Figure 5, A and B, show the results of parsimony and distance analysis of the complete AP3 protein data set. The parsimony analysis produced 27 trees of equivalent length, from which we generated a 50% majority rule consensus tree with a consistency index of 0.89. The topmost clade in both the parsimony and distance trees contains a grouping of the higher eudicot Brassicaceae, Asterid and Caryophyllid AP3 orthologs (Figure 5A). The members of this clade will be referred to as the euAP3 lineage. The second main clade in both trees is made up of several other higher eudicot AP3-like genes: TM6, PD2, AsAP3 and CMB2. The orthology of PD2 and TM6 has been suggested previously (Garcia-Maroto et al. 1993). Likewise, a recent analysis of the relationships of the MADS-box genes also found an association between AsAP3 and TM6 (Purugganan 1997). CMB2 is an AP3-like gene that was isolated from Dianthus caryophyllus. The inclusion of CMB2 in the TM6 lineage is supported byseveral positions which are synapomorphic for this clade, including 69Met, 118Gly, 147Lys and 211Val. Our analyses define all of these genes as descendants of a lineage that we will refer to as the TM6 lineage.
In the parsimony analysis, the remaining AP3-like genes of the lower eudicots and magnolid dicots constitute a paraphyletic group at the base of the tree. The two very similar Pachysandra genes are paired together and are the most closely related to the higher eudicot clades. In contrast, the distance analysis defines a clade composed of PtAP3-1, PtAP3-2 and the Ranunculid and Magnoliaceae sequences. This result highlights the similarities between the Pachysandra and other lower eudicot sequences. In both trees, PnAP3-1 and PcAP3 from P. nudicaule and P. californicum, respectively, are paired together with very high certainty, suggesting that they define a paralogous lineage. Similar to the PI analysis, the low bootstrap support found for several nodes reflects the limited number of characters on which the node is based. All resolved nodes shown in Figure 5A were present in all equally parsimonious trees. As with PI, a nucleotide AP3 data set was analyzed, but the resulting trees were highly unresolved (data not shown). Where resolution was obtained using the nucleotide sequences, the structure did not differ from that found using the protein sequences.

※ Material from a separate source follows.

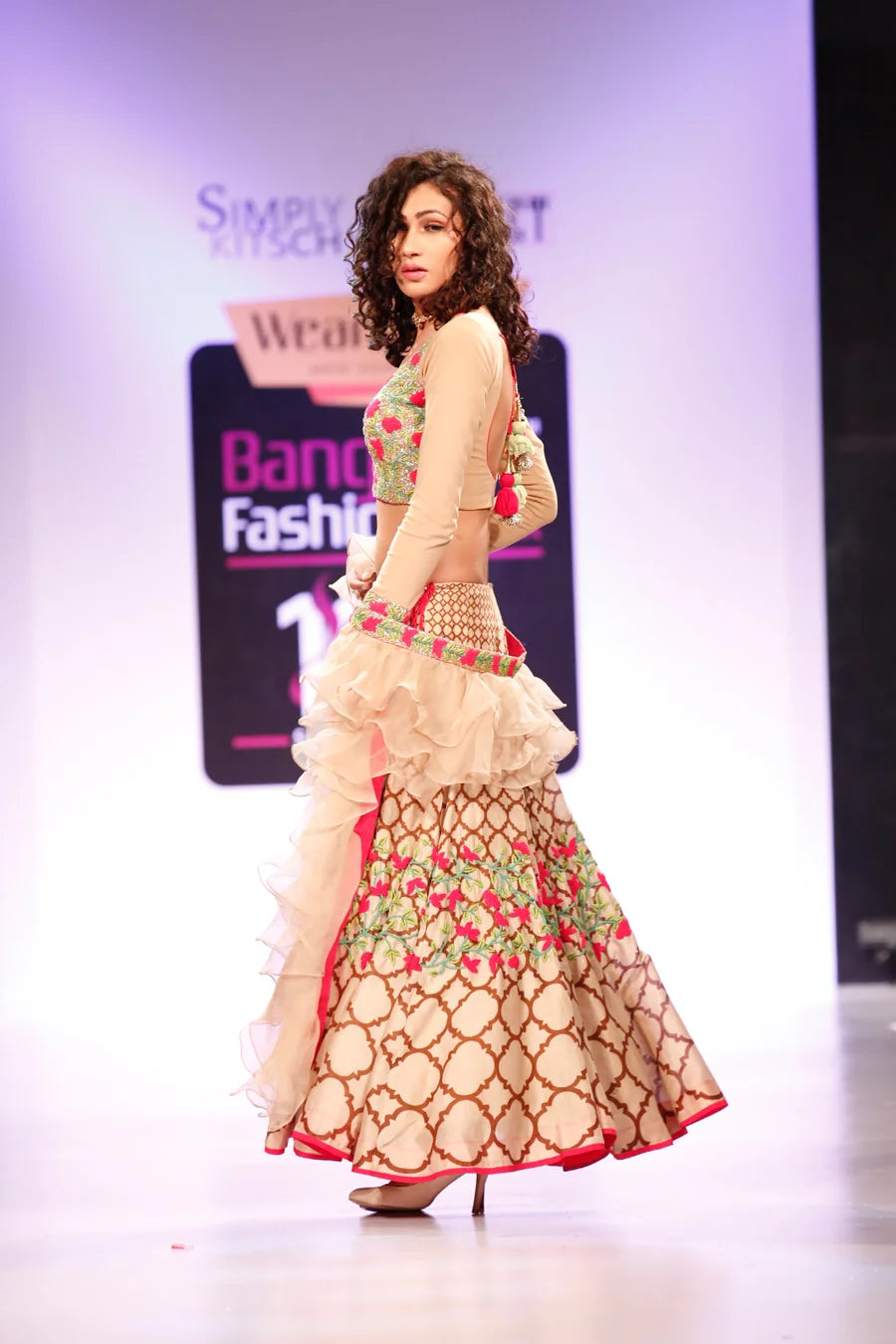 Featuring a gorgeous lehenga of digital printing with a beautiful hand embroidery paired up with stunning Lycra Embraided blouse, a light weight organza ruffle dupatta is adding a style to it.

If the character of each representative's predicted C-terminal motif is mapped on Figure 5A, we see that the paleoAP3 motif is present throughout the basal paraphyly and along the TM6 lineage. We will refer to the lower dicot and magnolid dicot genes which exhibit the paleoAP3 motif as the paleoAP3 lineage. The euAP3 motif is synapomorphic for the clade defining what we have called the euAP3 lineage. Diagnostic amino acid character states from throughout the protein sequence can be mapped onto the tree as well. Although the C-termini of the predicted PtAP3-1 and PtAP3-2 proteins resemble the paleoAP3 motif, in other positions the sequence is more similar to the euAP3 genes. These euAP3-like positions include 54Leu, 55His, 72Leu, 148-Asn and 150Ile. The euAP3 clade is also defined by several synapomorphic residues, aside from the C-terminal euAP3 motif. These changes include 2Gly→Ala, 7Glu→Gln, 28Ile Leu, 115Asp Ser/Cys, 144His→ and → Lys 226Phe→Leu. Interestingly, the primitive states of positions 2 and 7 in the MADS box are identical to the character state in the PI lineage members.
Morphological evolution proceeds by changes in developmental pathways due to alterations in the structure and regulation of particular developmental genes. The organ identity genes of the A, B, and C classes are logical starting points for a study of changing floral morphologies. The B group genes, in particular, appear to be a likely site of developmental flexibility in floral evolution. While A and C group members might be expected to show very high levels of constraint due to their pleiotropic roles in floral meristem identity and determinacy, as well as in organ identity, the functions of the B group genes appear to be limited to establishing organ identity. Moreover, the fact that the petals and stamens display enormous morphological plasticity within the angiosperms may be directly reflected as changes in the B group genes. These predictions are supported by substitution rate analysis, which shows that the AP3/PI group is evolving 20–40% faster than are all of the other plant MADS-box genes (Purugganan 1997). Furthermore, although the B group genes appear to have a conserved function in determining petal identity in the higher eudicots, these petals are not thought to be homologous with those of the lower eudicots, magnolid dicots and monocots. The independent derivation events that gave rise to the different petals of the angiosperms may be reflected in the diversified structure and function of the B group genes.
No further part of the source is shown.